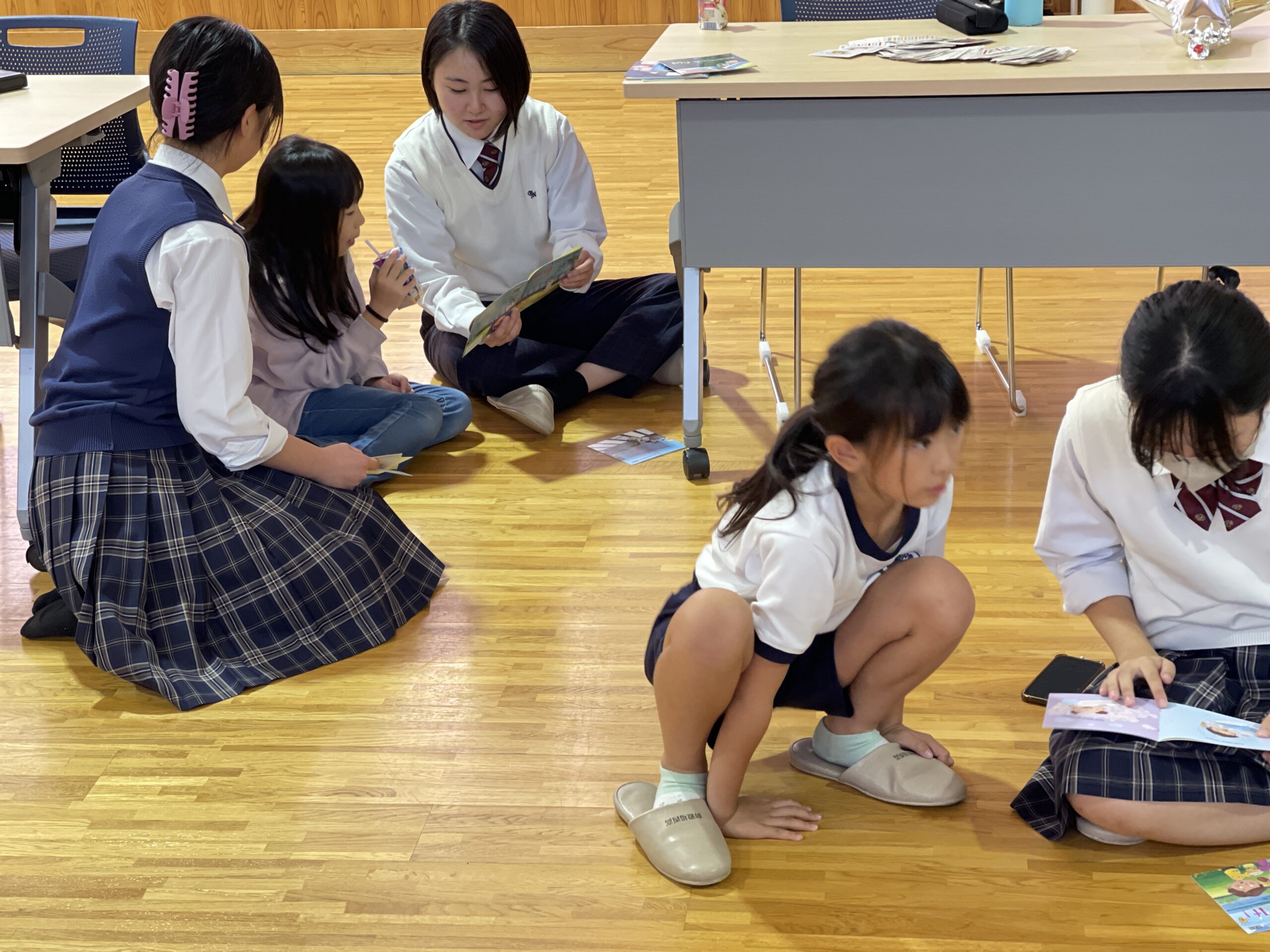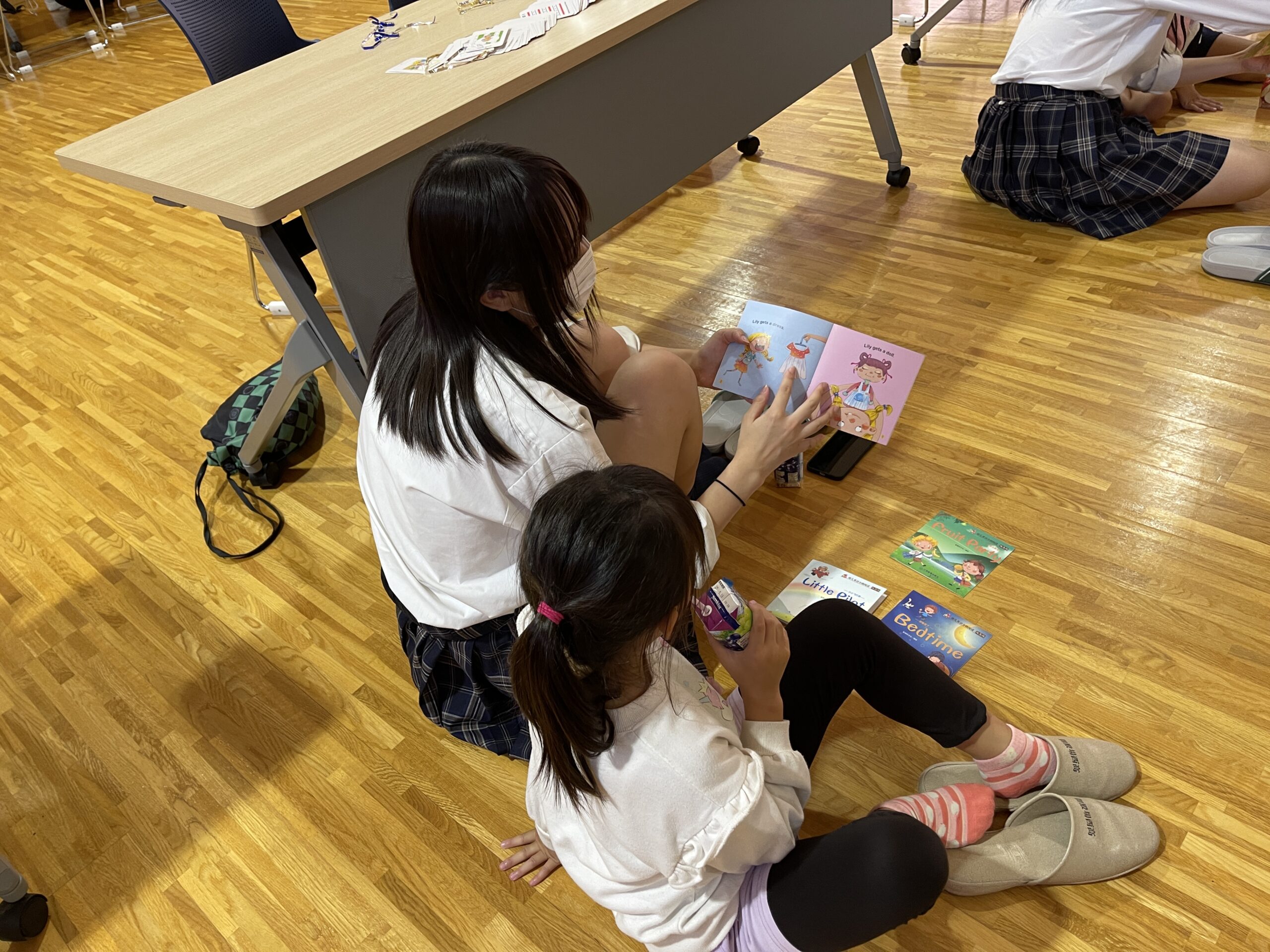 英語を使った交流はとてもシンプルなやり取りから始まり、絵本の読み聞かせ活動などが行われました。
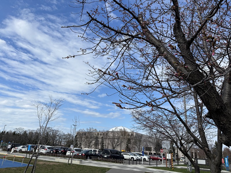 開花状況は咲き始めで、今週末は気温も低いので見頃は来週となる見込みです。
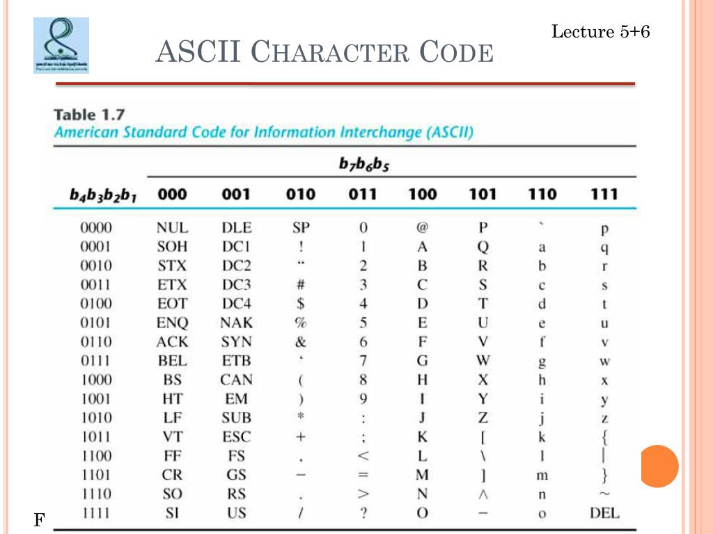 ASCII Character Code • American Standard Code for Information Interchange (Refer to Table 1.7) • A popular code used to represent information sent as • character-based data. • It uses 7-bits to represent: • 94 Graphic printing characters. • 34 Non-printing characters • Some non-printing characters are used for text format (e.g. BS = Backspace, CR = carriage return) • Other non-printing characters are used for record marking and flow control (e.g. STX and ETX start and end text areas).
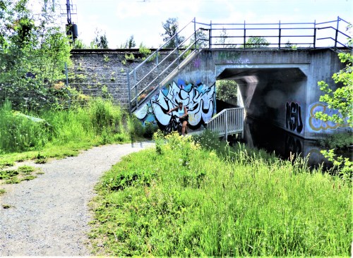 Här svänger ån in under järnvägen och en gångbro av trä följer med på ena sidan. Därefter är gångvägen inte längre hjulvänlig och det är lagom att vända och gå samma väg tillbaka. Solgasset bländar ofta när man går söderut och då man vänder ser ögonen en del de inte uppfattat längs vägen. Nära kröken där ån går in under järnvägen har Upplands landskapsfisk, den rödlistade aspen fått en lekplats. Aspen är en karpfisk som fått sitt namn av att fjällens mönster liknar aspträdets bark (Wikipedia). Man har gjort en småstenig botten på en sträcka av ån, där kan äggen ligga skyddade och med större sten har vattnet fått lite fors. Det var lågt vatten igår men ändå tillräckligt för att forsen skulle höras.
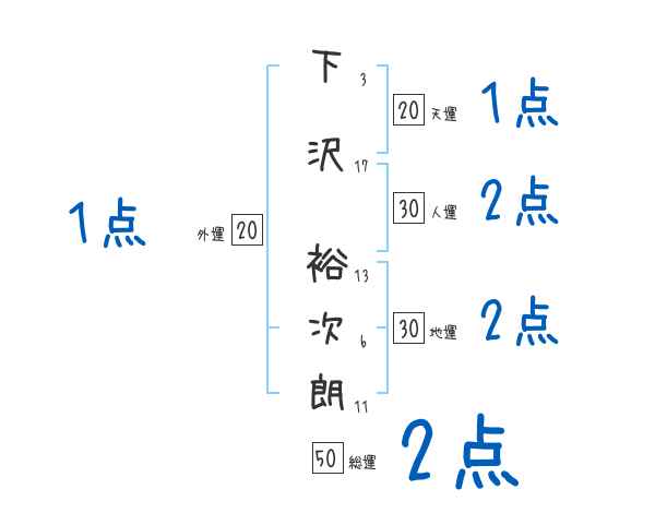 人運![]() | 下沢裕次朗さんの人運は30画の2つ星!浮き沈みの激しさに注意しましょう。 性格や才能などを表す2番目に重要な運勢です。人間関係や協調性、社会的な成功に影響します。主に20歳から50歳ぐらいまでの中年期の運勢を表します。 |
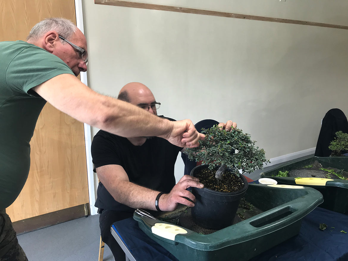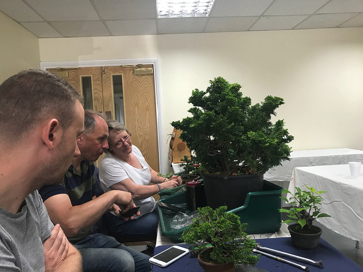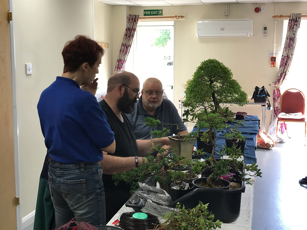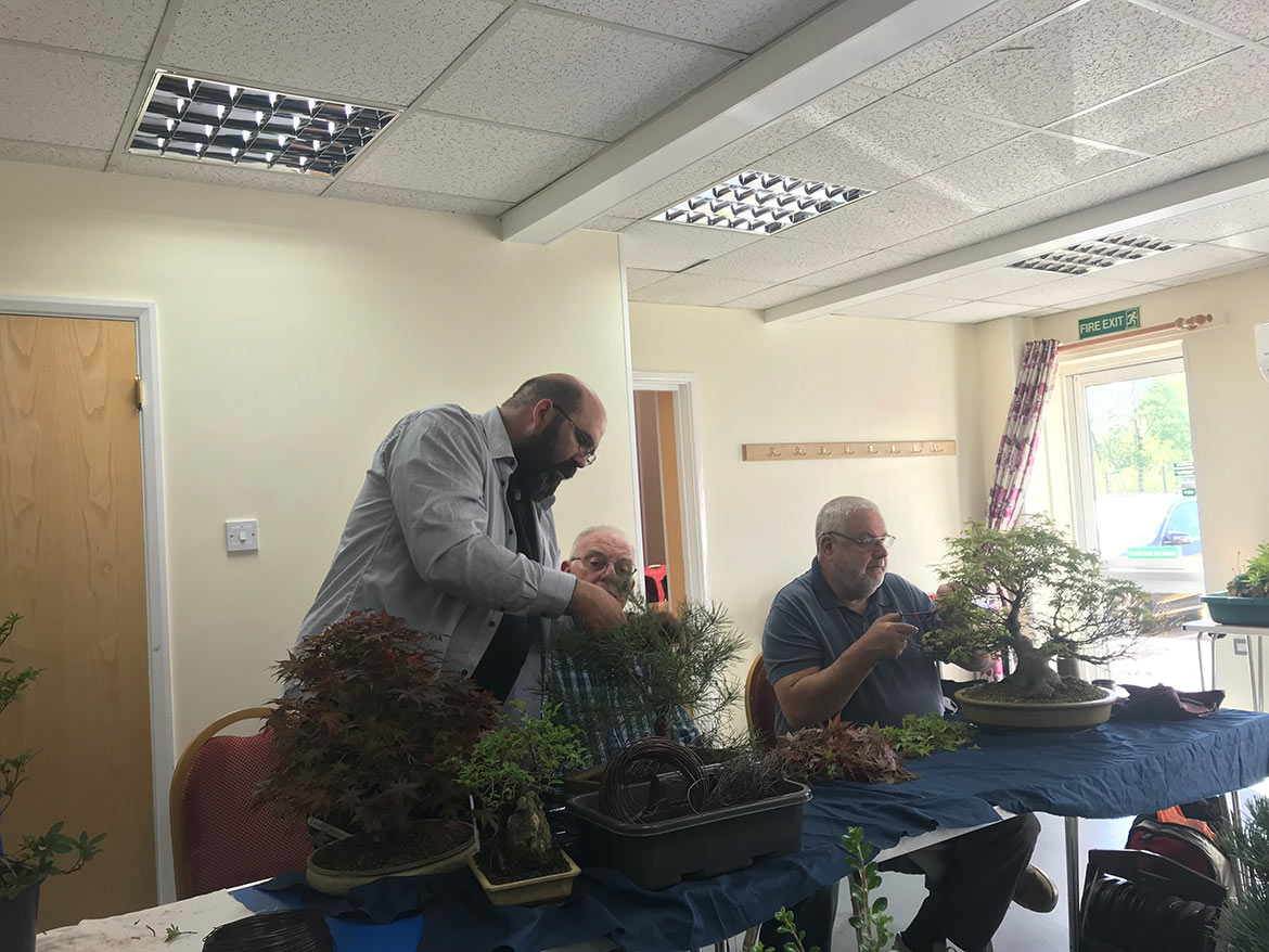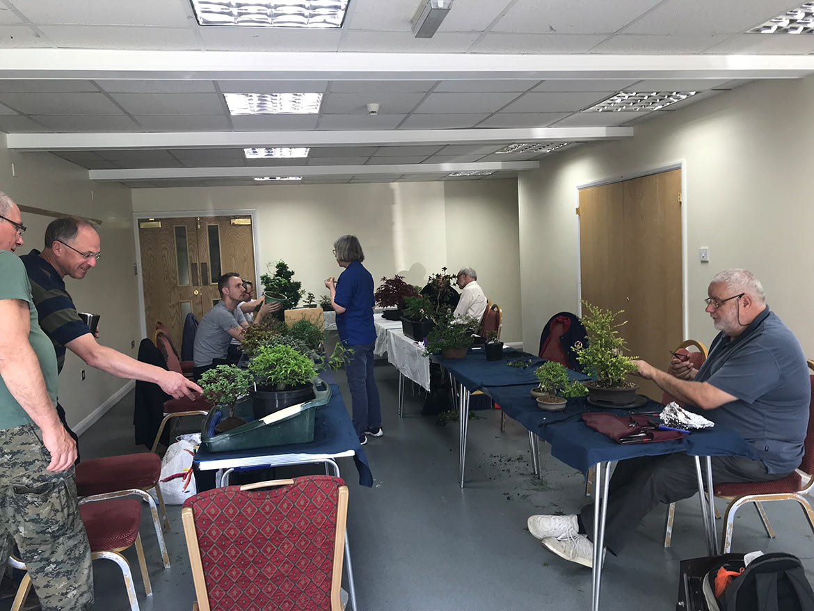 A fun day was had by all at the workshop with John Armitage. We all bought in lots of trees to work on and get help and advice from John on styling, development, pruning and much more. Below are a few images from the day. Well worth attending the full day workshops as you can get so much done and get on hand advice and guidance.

- - -

Whenever you reach a picture, pass over it; print all the other material exactly.

- _YOUR SOLUTION_
 英語を使った交流はとてもシンプルなやり取りから始まり、絵本の読み聞かせ活動などが行われました。
 開花状況は咲き始めで、今週末は気温も低いので見頃は来週となる見込みです。
 ASCII Character Code • American Standard Code for Information Interchange (Refer to Table 1.7) • A popular code used to represent information sent as • character-based data. • It uses 7-bits to represent: • 94 Graphic printing characters. • 34 Non-printing characters • Some non-printing characters are used for text format (e.g. BS = Backspace, CR = carriage return) • Other non-printing characters are used for record marking and flow control (e.g. STX and ETX start and end text areas).
 Här svänger ån in under järnvägen och en gångbro av trä följer med på ena sidan. Därefter är gångvägen inte längre hjulvänlig och det är lagom att vända och gå samma väg tillbaka. Solgasset bländar ofta när man går söderut och då man vänder ser ögonen en del de inte uppfattat längs vägen. Nära kröken där ån går in under järnvägen har Upplands landskapsfisk, den rödlistade aspen fått en lekplats. Aspen är en karpfisk som fått sitt namn av att fjällens mönster liknar aspträdets bark (Wikipedia). Man har gjort en småstenig botten på en sträcka av ån, där kan äggen ligga skyddade och med större sten har vattnet fått lite fors. Det var lågt vatten igår men ändå tillräckligt för att forsen skulle höras.
 人運![]() | 下沢裕次朗さんの人運は30画の2つ星!浮き沈みの激しさに注意しましょう。 性格や才能などを表す2番目に重要な運勢です。人間関係や協調性、社会的な成功に影響します。主に20歳から50歳ぐらいまでの中年期の運勢を表します。 |
 A fun day was had by all at the workshop with John Armitage. We all bought in lots of trees to work on and get help and advice from John on styling, development, pruning and much more. Below are a few images from the day. Well worth attending the full day workshops as you can get so much done and get on hand advice and guidance.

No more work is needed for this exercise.